Getting started with moffragmentor#

Installation#

We recommend installing moffragmentor in a clean virtual environment (e.g., a conda environment)

You can install the latest stable release from PyPi using

pip install moffragmentor

or the latest development version using

pip install git+https://github.com/kjappelbaum/moffragmentor.git

Note

If you install via pip you will need to manually install openbabel (e.g. conda install openbabel -c conda-forge).

If you want to determine RCSR codes, you will also need to install a Java runtime environment (JRE) of version 1.5.0 or later on your machine as we use the Systre (Symmetry, Structure (Recognition) and Refinement) code to perform analysis of the labeled quotient graphs we construct in moffragmentor.

Extensions#

In case you want to use the show_molecule(), or show_structure() function in Jupyter lab you have to

jupyter-labextension install @jupyter-widgets/jupyterlab-manager
jupyter-labextension install nglview-js-widgets
jupyter-nbextension enable nglview --py --sys-prefix

You also might find the debugging help in the nglview documentation useful.

Fragmenting a MOF#

To fragment a MOF you need to create an instance of MOF and then call fragment().

from moffragmentor import MOF

mof = MOF.from_cif(<my_cif.cif>)
fragmentation_result = mof.fragment()

The result is a FragmentationResult namedtuple with the fields nodes, linkers, both subclasses of a moffragmentor.sbu.SBUCollection and bound_solvent, unbound_solvent, both moffragmentor.molecule.NonSbuMoleculeCollection, and a moffragmentor.net.Net.

Warning

If you use the MOF.from_cif method, we will run pymatgen.analysis.spacegroup.SpacegroupAnalyzer on the input structure. This might take some time, and we also have encountered cases where it can be really slow. If you do not want this, you can either “manually” call the constructor or tune the tolerance parameters.

Warning

Note that moffragmentor currently does not automatically delete bound solvent. This is due to two observations:

  1. We have very little understanding of what solvent we can remove without affecting the structural integrity.

  2. We (currently) do not have a way to estimate if a solvent is charged. We explore different implementation strategies, but we do not have a robust one at this moment.

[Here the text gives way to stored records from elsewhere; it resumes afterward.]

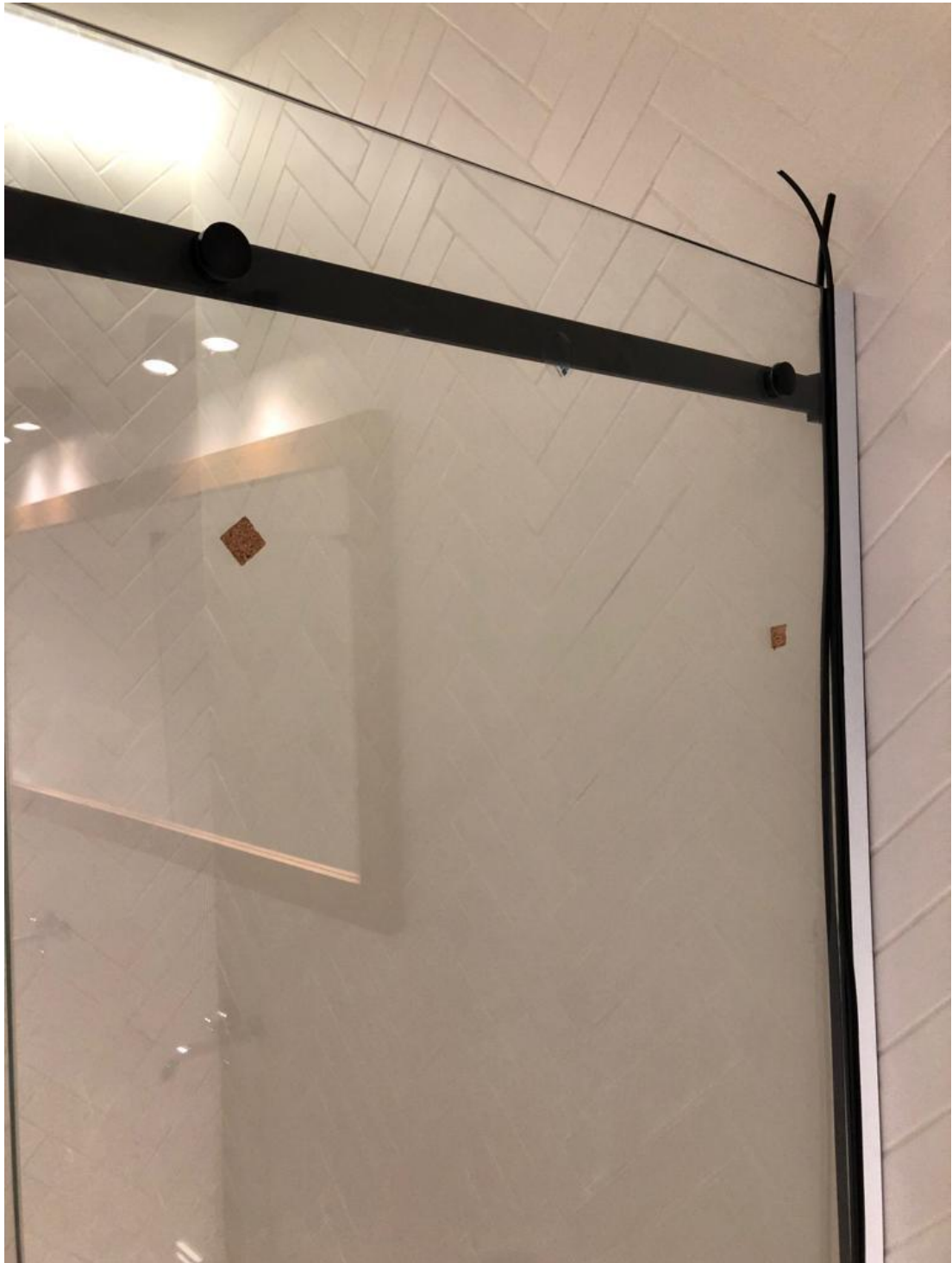
PRZYMOCOWANIE PROWADNICY ŚRUBAMI DO SZYBY.
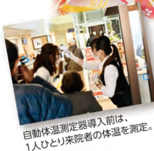
自動体温測定器導入前は、 1人ひとり来院者の体温を測定。
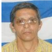
Por: Bernardo León Martínez

El departamento de enfrentamiento de la Seguridad del Estado, es el órgano encargado de la represión a los opositores pacíficos en nuestro país, donde trabaja un grupo de oficiales, conocidos como la Policía Política.
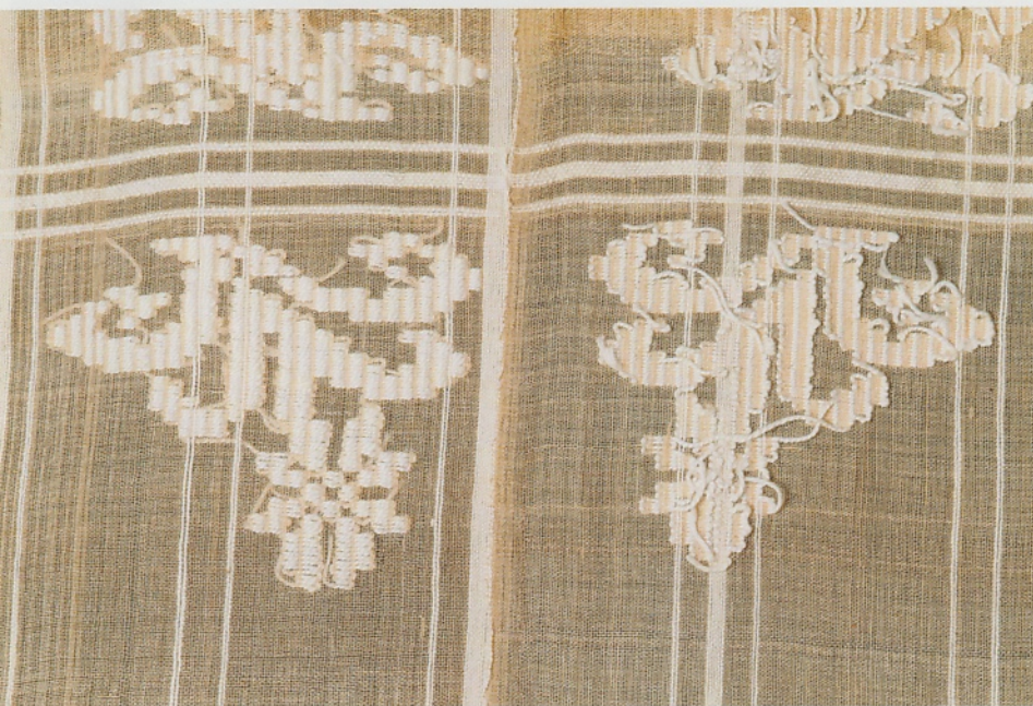
Sjaal in licht oranje hennep met een inlegdraad van dikke witte katoen. Deze techniek heet inlegwerk met verticale bindlijnen. Ook deze sjaal werd met de achterkant boven geweven. De patroondraad gaat onder vier kettingdraden en daarna over twee. Bij deze techniek is een selectielat nodig die breder is dan het weefsel en een spitse punt heeft.
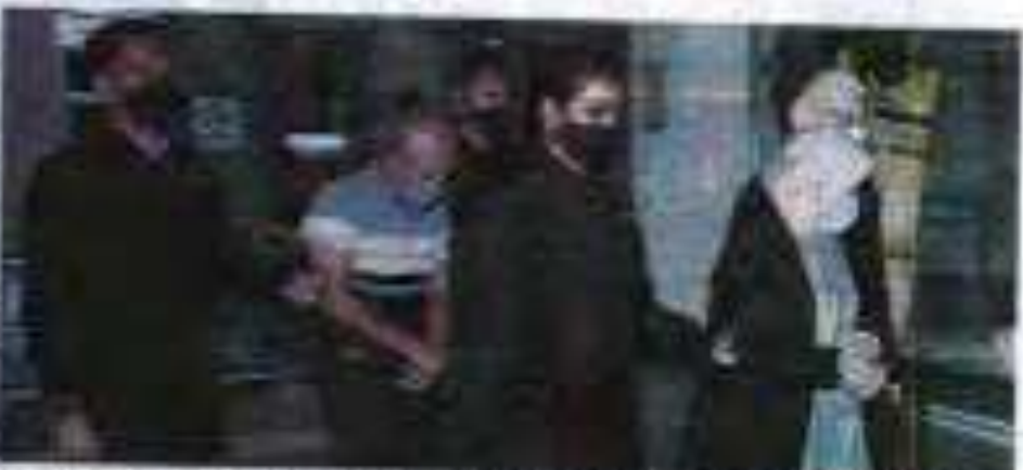
Seorang lelaki (dua orang) dan isterinya (dua orang) didakwa subahat dan salah guna kedudukan di Mahkamah Sesyen di sini pada Rabu.

Pasang dan isteri, pasangan suami isteri, didakwa subahat dan salah guna kedudukan di Mahkamah Sesyen di sini pada Rabu atas dua pertuduhan rasuah berjumlah RM100,000.00.
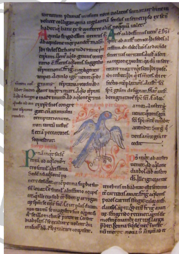
Vendôme, BM, ms. 156, f. 5 et 9v.
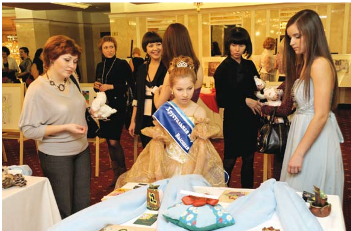
Выставка-продажа творческих работ, созданных ребятами из Детского дома Приволжского района, городского детского реабилитационного центра «Солнечный» и Центра детского творчества Вахитовского района г. Казани

Кстати, создание календаря натолкнуло на идею создания благотворительной программы под названием «Дети и твор-

You might want a quick overview of the composition of the different components. You can access this via the composition properties

solvent_collection.composition

which will return a dictionary of the counts of the compositions, for example {'C3 H7 N1 O1': 3, 'H2 O1': 4}.

Clearly, we do not consider floating solvent for the computation of the net.

Known issues

For some structures in the CSD MOF subset, there will be problems with the fragmentation. One example is CAYSIE, which is a metalloporphyrinate. Here, the code struggles to distinguish nodes and linkers as a core routine of the moffragmentor is to check if a metal atom is inside another, potential linker, molecule.

RSM2943

Fig. 1 Example of a metalloporphyrinate for which the fragmentor fails.#

Also note that there are problems with analyzing the combinatorial topology of 1D rod MOFs. There only recently has been an algorithm proposed that is implemented in ToposPro.

Customizing the log level

moffragmentor uses the loguru for logging. By default, logging from moffragmentor is disabled to not interfere with your logs.

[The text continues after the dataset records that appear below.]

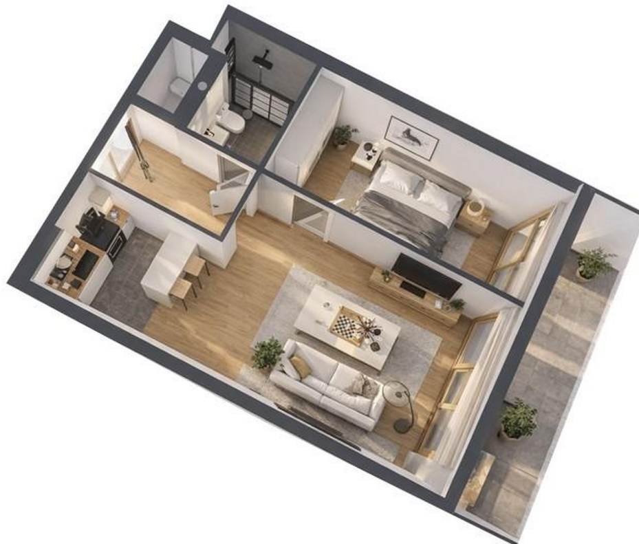
3 D Grundriss
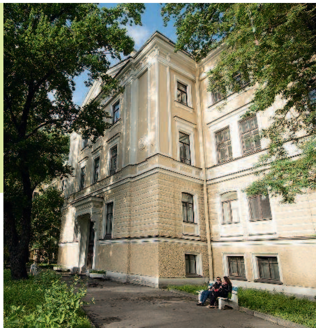
Маяковского ул., 5.

В 2001 году после реконструкции здание стало пятизвездочным отелем сети «Рэдиссон САС Ройал». По проекту архитектора Рафаэля Даянова были отреставрированы фасады с воссозданием деталей 1880-х годов.
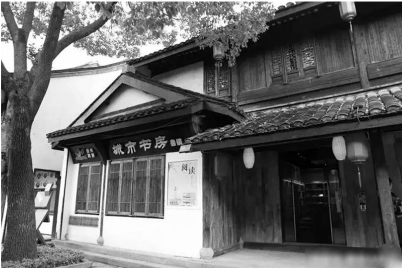
柯岩鲁镇城市书房
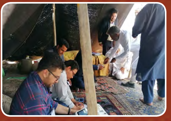
شور و شوق انتخاباتی در سیاه چادرهای عشایری در میان
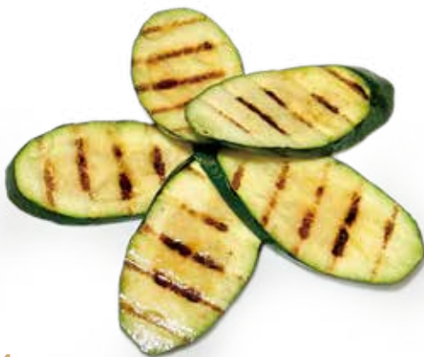
84 ZUCCHINE ALLA GRIGLIA grilled zucchini
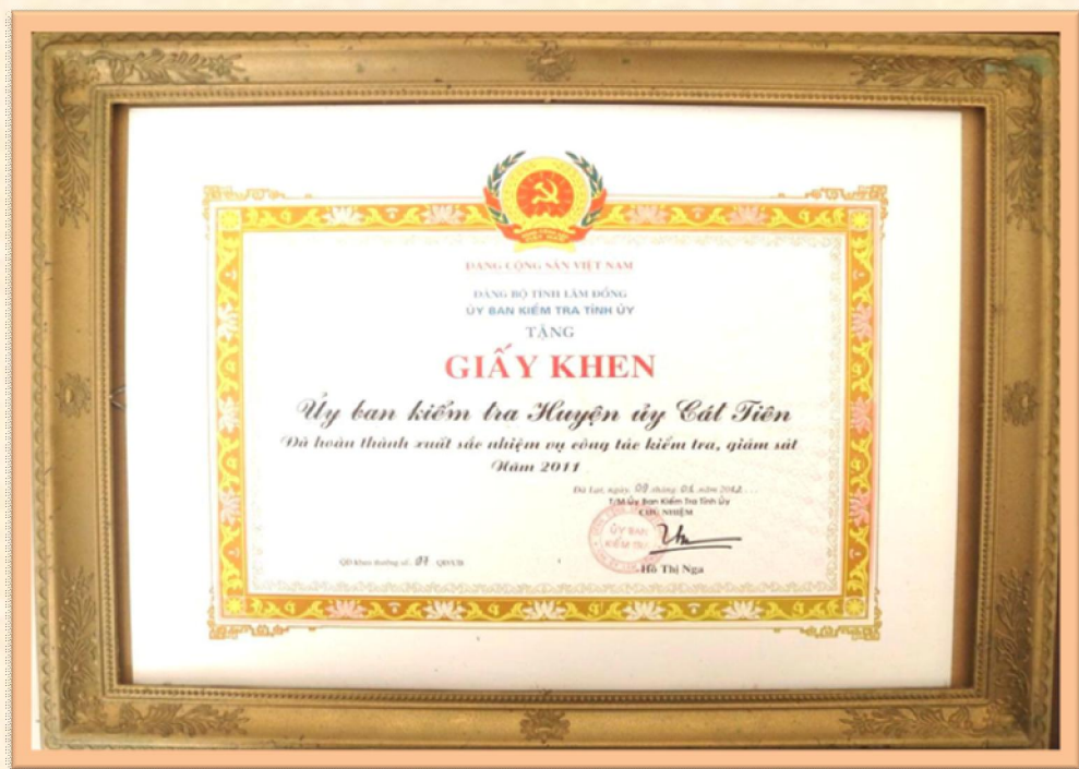
Giấy khen của UBKT Tỉnh ủy năm 2011, tại Quyết định số 97-QĐ-UBKTTU, ngày 09/01/2012
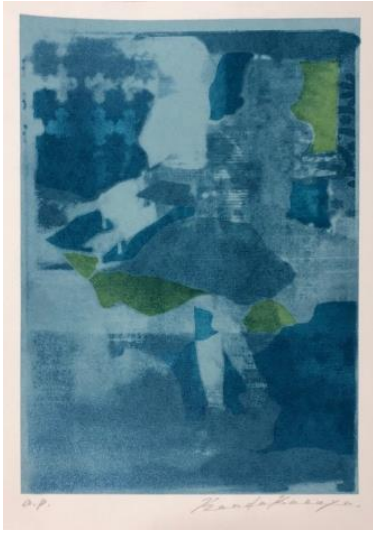
■準大賞 神田 和也 (JAPAN) 「Lost Image Photograph 19 - 03」
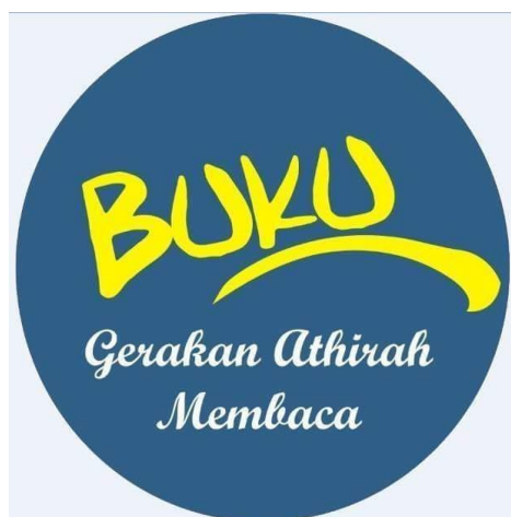
Gambar 51. Gerakan Donasi Buku adalah pelopor gerakan literasi membaca di Sekolah Islam Athirah Bone

Membaca bagi sebagian masyarakat sudah menjadi budaya. Bahkan sebagian kecil masyarakat beranggapan bahwa membaca merupakan suatu kebutuhan. Jenis bacaannya juga beragam mulai dari buku pelajaran sampai buku fiksi seperti buku novel dan buku dongeng. Untuk zaman digital sekarang ini masyarakat sudah sangat dimudahkan dengan kecanggihan teknologi, contohnya saja membaca. Kegiatan ini sudah dapat dilaksanakan dengan e-book yang disediakan oleh smarphone dengan cara mengunduh baik yang gratis maupun berbayar.
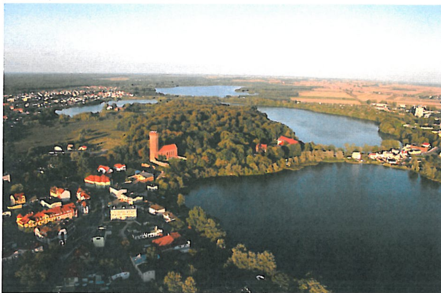
Zdjęcie z lotu ptaka

Specyfikę tę zwiększa ponadto położenie miasta na dziale wodnym I rzędu oddzielającym dorzecza Wisły i Odry. Spływ wód z terenu miasta zasila dorzecze: Chrzastawa – Szczyra – Gwda – Noteć – Warta – Odra – Bałtyk. W związku z czym zarówno jezioro Urzędowe jak i rzeka Chrzastawa leżą w granicach dorzecza Odry, w regionie wodnym Warty.
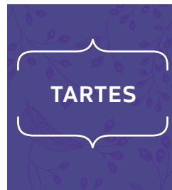
S. 114: Kapitel 3 – Tartes
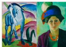
August Macke & Franz Marc

Центральной темой творчества популярной американской художницы Синди Шерман,

However, you can easily customize the logging:

import sys
from loguru import logger

# enable moffragmentor logging
logger.enable("moffragmentor")

# define the logging level
LEVEL = "INFO || DEBUG || WARNING || etc."

# set the handler
# for logging to stdout
logger.add(sys.stdout, level=LEVEL)
# or for logging to a file
logger.add("my_log_file.log", level=LEVEL, enqueue=True)

In many cases, however, you might find it convenient to simply call enable_logging()

from moffragmentor.utils import enable_logging

enable_logging()

which will enable logging with sane defaults (i.e. logging to stderr for INFO and WARNING levels).